Venen hebben een vergelijkbare opbouw als arteriën, maar ze hebben een dunnere tunica media,
groter lumen en hebben vaak kleppen tegen het terugstromen van het bloed.
Histologie van de lever
Door alcohol heb je meer kans op schade op je lever. De kans op levercirrhose neemt daardoor toe.
De lever is een multifunctioneel orgaan en heeft te maken met endocriene en exocriene functies,
metabole functies, galproductie, detoxificatie en degradatie van schadelijke stoffen. De doorbloeding
van de lever ligt aan de basis van al deze functies. De lever bestaat uit een kleine linkerlob en een grote
rechterlob. De macrocirculatie van de lever is afhankelijk van twee systemen, veneus die met de
poortader wordt aangevoerd en vanuit de darm en milt komt, voedselrijk en zuurstof is en de arteria
hepatica dat zuurstofrijk bloed naar de lever brengt. Het bloed verlaat de lever via de vena hepatica I en
II en wordt daardoor naar de vena cava gebracht. Toxische stoffen en gal verlaten de lever via de 2
galkanalen naar de galblaas. De lever bestaat uit hepatocyten, die zijn omgeven met bindweefsel, er
bevinden zich arteriën, venen en galgangen in triades op de hoeken van de hepatocyten. Midden in de
hepatocyt bevindt zich een centrale vene, deze zorgt voor de afvoer van gezuiverd bloed naar het hart
toe. Ook bevinden zich er Kuppfercellen dit zijn macrofagen in de lever. De afscherming van een lobulus
(een enkele hepatocyt) is niet altijd even duidelijk, doordat niet bij alle organismen
bindweefseltussenschotten aanwezig zijn. De bloedvaten die richting de centrale vene lopen worden
sinusoïden worden genoemd.
De hepatocyten rond de centrale vene zijn maximaal twee lagen dik. De triade bestaat uit de arteria
hepatica, vena portae en het galkanaal. Het bloed gaat via de arteriolen en venulen over in de wijde
sinusoïden, de stroomsnelheid gaat hierdoor omlaag waardoor er meer uitwisseling plaats kan vinden.

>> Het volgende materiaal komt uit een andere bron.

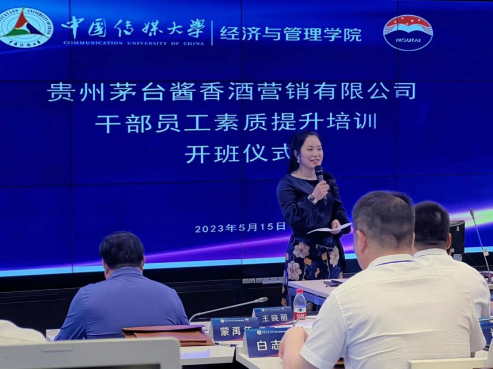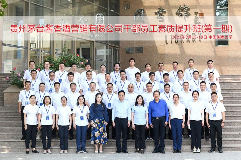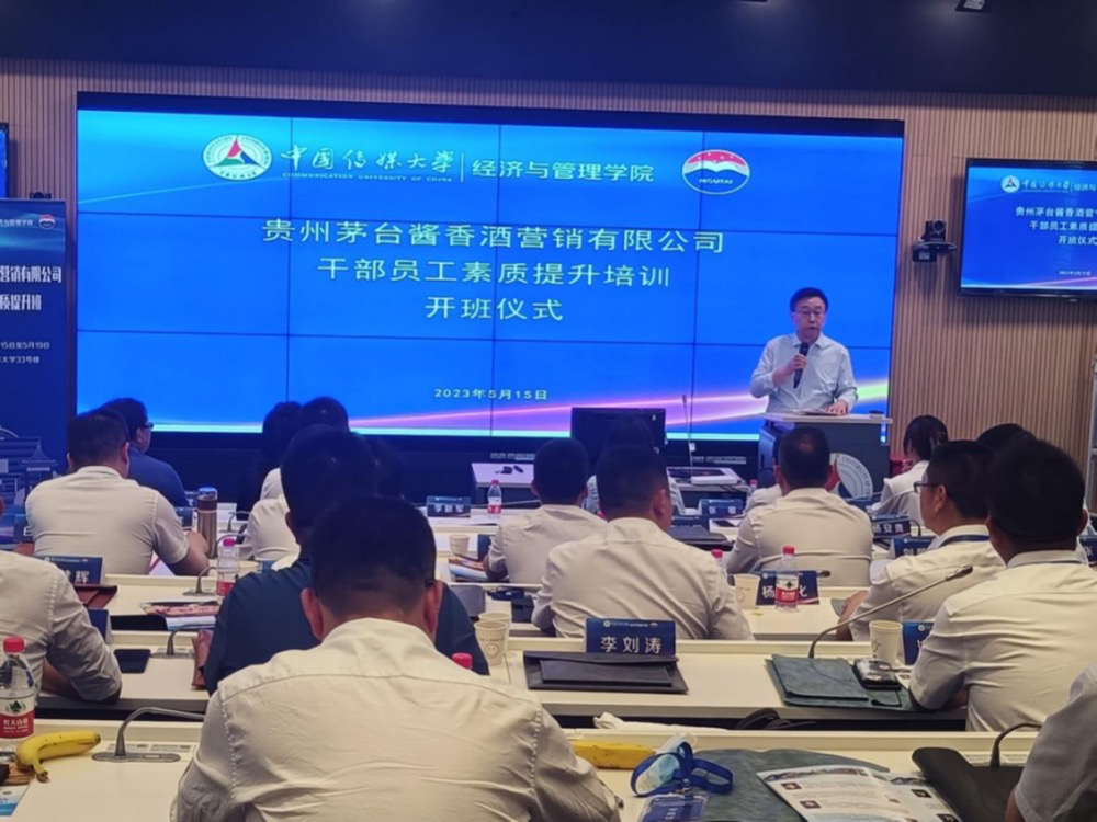 5月15日,贵州茅台酱香酒营销有限公司干部员工素质提升班(第一期)在中国传媒大学顺利开班,中国传媒大学党委常委、副校长李新军,中国传媒大学经济与管理学院党委书记王晓丽,中国传媒大学经济与管理学院社会服务办公室负责人薛永斌,贵州茅台酱香酒营销有限公司党委副书记、纪委书记、工会主席付月秋等领导出席开班仪式,并分别致辞。

Bloed gaat van de sinusoïden naar de centrale vene. Sinusoïden zijn discontinue capillairen en zitten in
de lever, beenmerg en in de lymfeklieren. Het heeft een groot lumen, veel grote vensters, zonder basale
lamina, vrije uitwisseling, geen pinocytose blaasjes en macrofagen tussen het endotheel en in vensters.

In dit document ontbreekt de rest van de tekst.